> _Exercise details_:
Beginning with the line that has "Припадници војске и" and ending with the line that has "2016年10月14日,《人", retype the entries below exactly, except for the pictures.

> _Stored records_:
══════════════════════════════

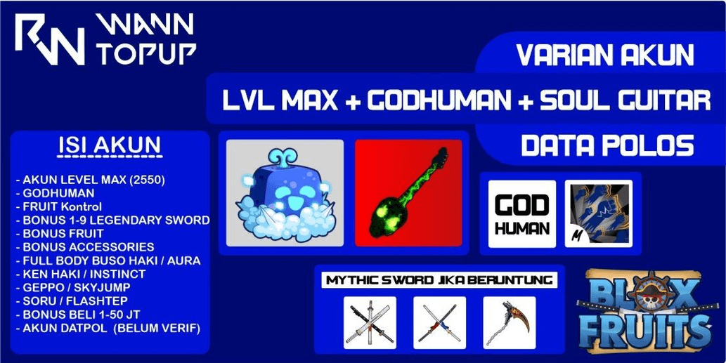 Akun Blox Fruit LEVEL MAX [GODHUMAN + INVENTORY Kontrol + SOUL GUITAR] [Data Polos] [Belum Verifikasi]
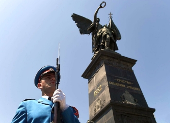 Припадници војске и гардисти дочекали су раније данас председника код Споменика косовским јунацима у Крушевцу, где су положени венци.
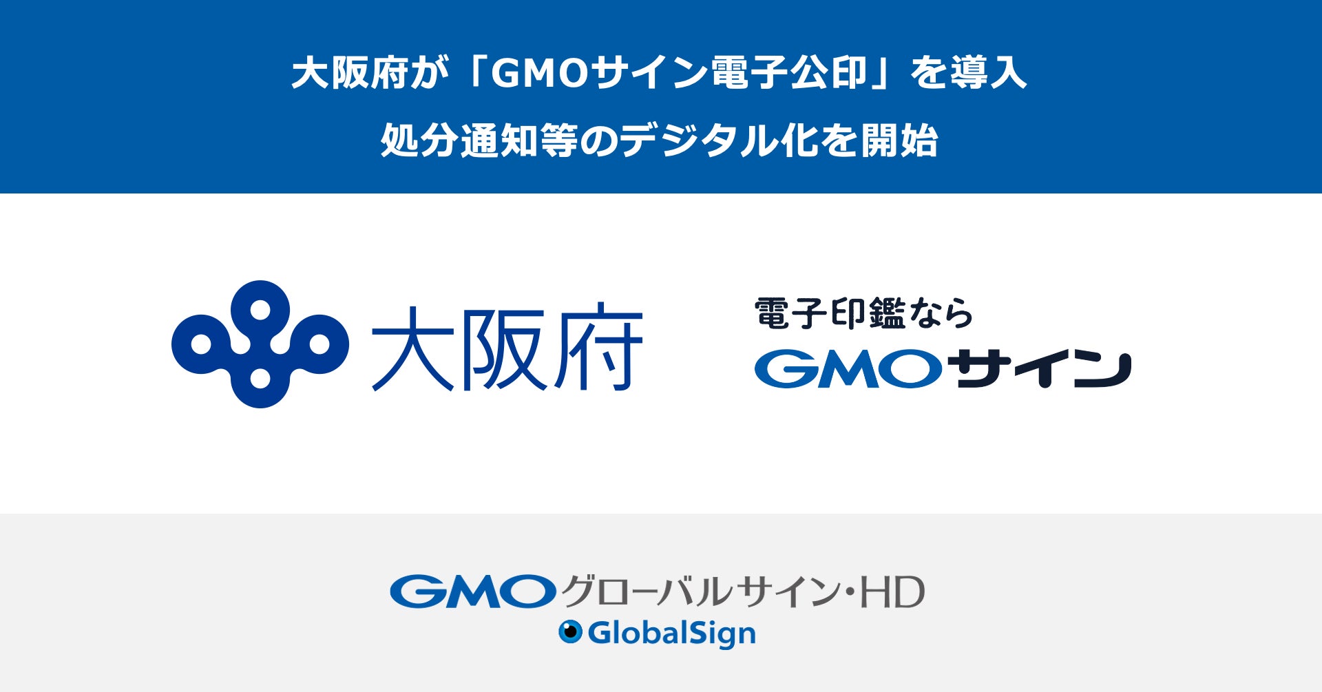 GMOグローバルサイン・ホールディングス株式会社(代表取締役社⻑:⻘⼭ 満 以下、GMOグローバルサイン・HD)は、自社が開発・運営する行政の処分通知等を電子化するサービス「GMOサイン電子公印」を、大阪府(知事:吉村 洋文 以下、大阪府)に導入したことをお知らせいたします。
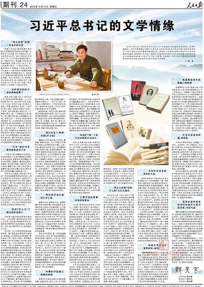 2016年10月14日,《人民日报》在第24版刊登了《习近平总书记的文学情缘》一文,文章的第一段就提到了“精忠报国”的故事。
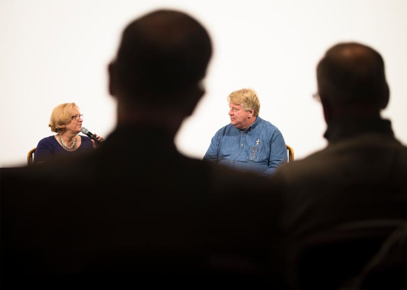 Kate Grosmaire and Deacon Andy Grosmaire of Tallahassee, Fla., discuss approaches to criminal justice that promote human dignity Nov. 5 at the St. John Paul II National Shrine in Washington. In 2010, their 19-year-old daughter, Ann, was shot and killed by her boyfriend. Called by their Catholic faith, both Kate and Deacon Grosmaire forgave their daughter’s killer. (CNS photo/Tyler Orsburn)
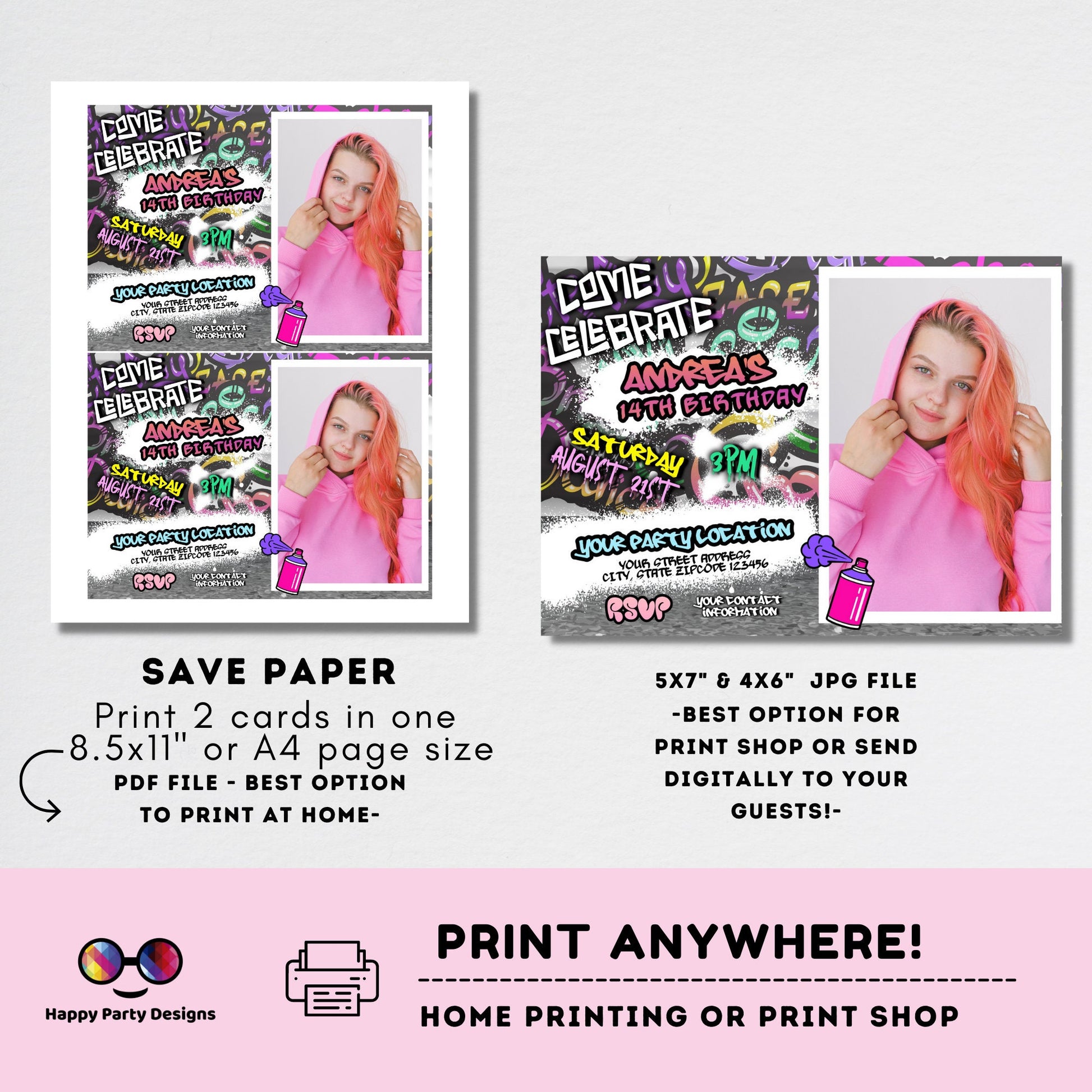 Editable Graffiti invitation with photo | Digital graffiti printable invite | Birthday girl | Graffiti Invitation | Personalize Online #K2

══════════════════════════════

> _Task output_:
 Припадници војске и гардисти дочекали су раније данас председника код Споменика косовским јунацима у Крушевцу, где су положени венци.
 GMOグローバルサイン・ホールディングス株式会社(代表取締役社⻑:⻘⼭ 満 以下、GMOグローバルサイン・HD)は、自社が開発・運営する行政の処分通知等を電子化するサービス「GMOサイン電子公印」を、大阪府(知事:吉村 洋文 以下、大阪府)に導入したことをお知らせいたします。
 2016年10月14日,《人民日报》在第24版刊登了《习近平总书记的文学情缘》一文,文章的第一段就提到了“精忠报国”的故事。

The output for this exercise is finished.